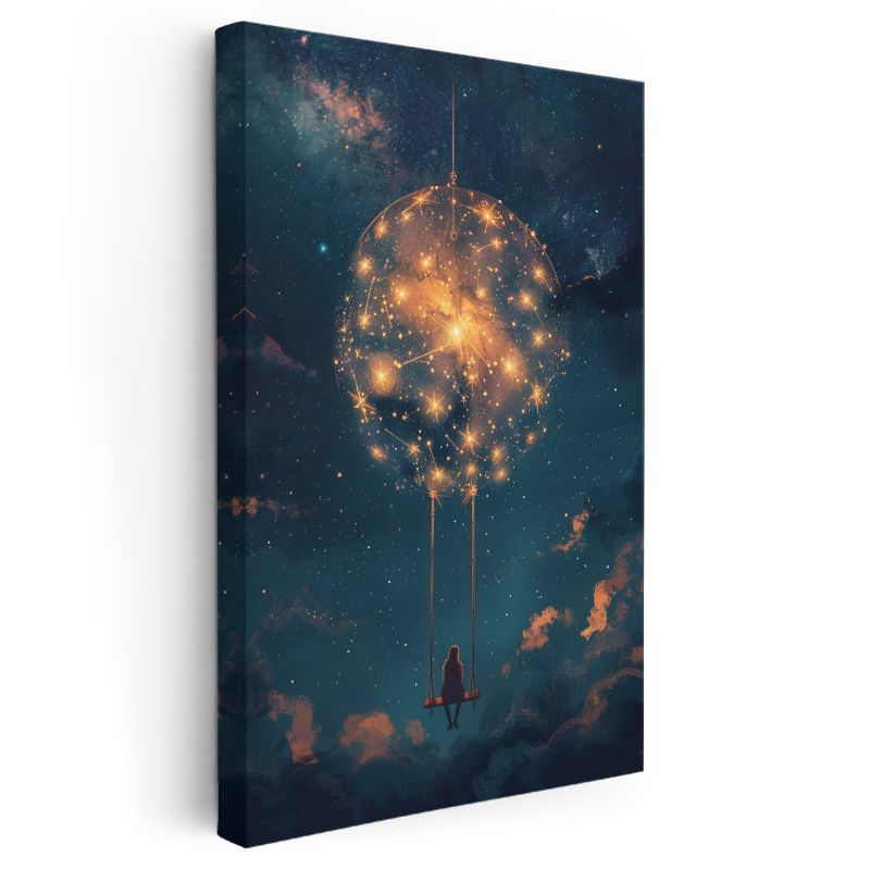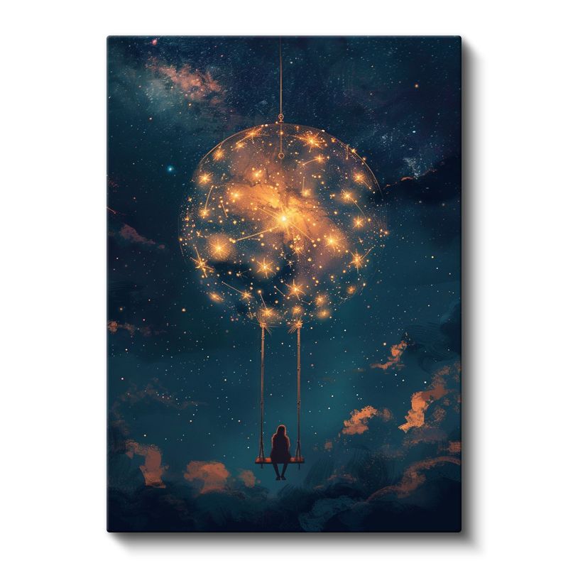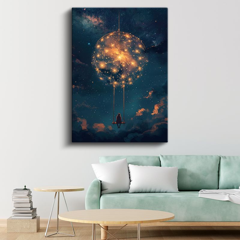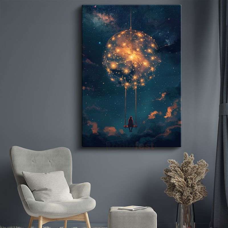 Kozmik Salıncak - Yıldızların Arasında Asılı Kalan Düşler Kanvas Tablo
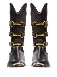Mexia buckle-fastening boots Highlights - Black - Three buckle details - Gold-tone accents - Pointed toe - Stacked heel Made in Italy Composition Outer: Calf Suede 55%, Calf Leather 45% Sole: Calf Leather 100% Lining: Calf Leather 100%
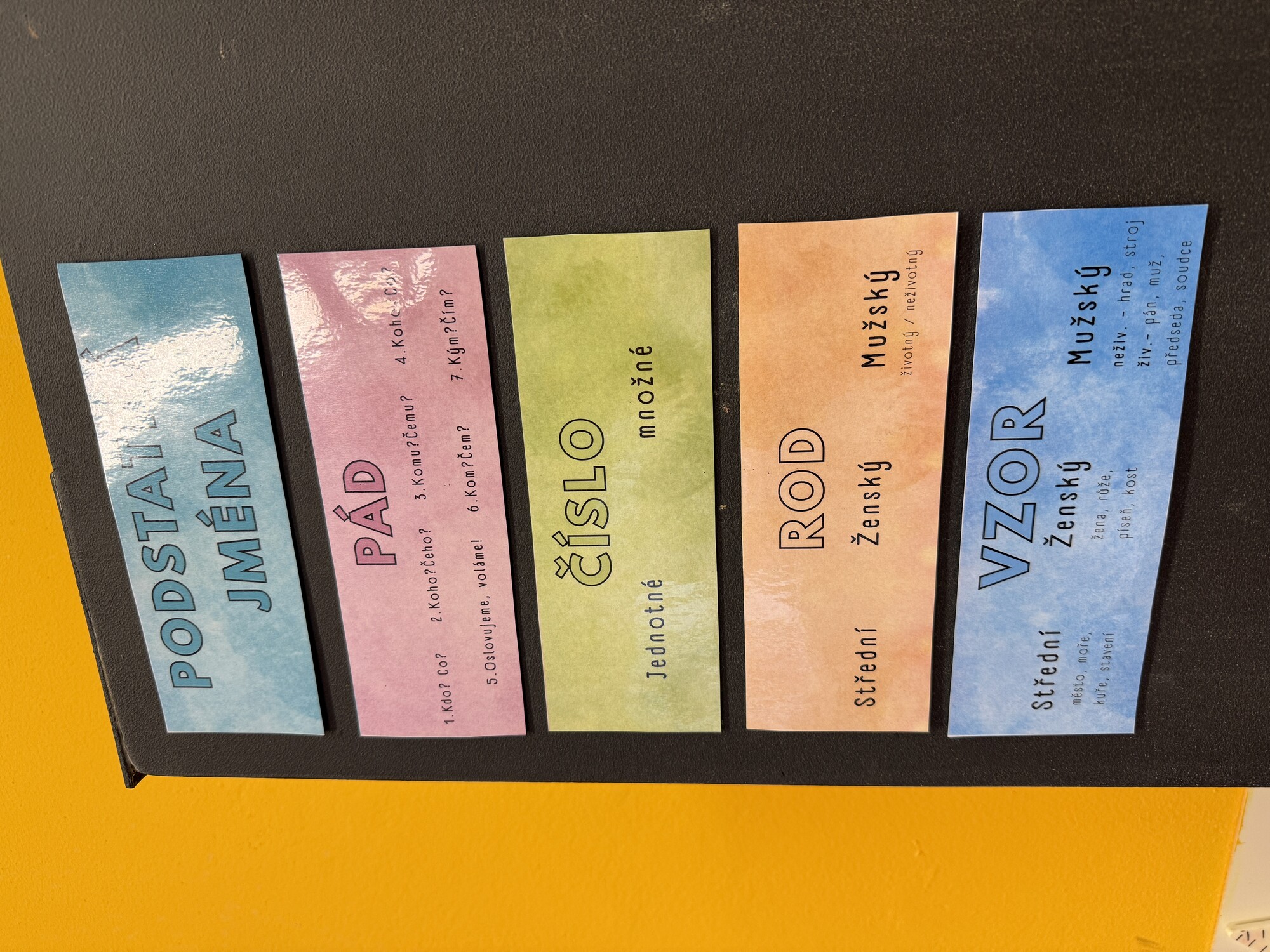 - didaktická pomůcka do penálu – přehled koncovek podstatných jmen, který dětem pomáhá správně určit vzor

▶ **Assigned task**: Exactly the lines from the top of the listing through the line with "Mexia buckle-fastening boots", and no pictures, should be printed.

▶ **Response**:
 Kozmik Salıncak - Yıldızların Arasında Asılı Kalan Düşler Kanvas Tablo
Mexia buckle-fastening boots Highlights - Black - Three buckle details - Gold-tone accents - Pointed toe - Stacked heel Made in Italy Composition Outer: Calf Suede 55%, Calf Leather 45% Sole: Calf Leather 100% Lining: Calf Leather 100%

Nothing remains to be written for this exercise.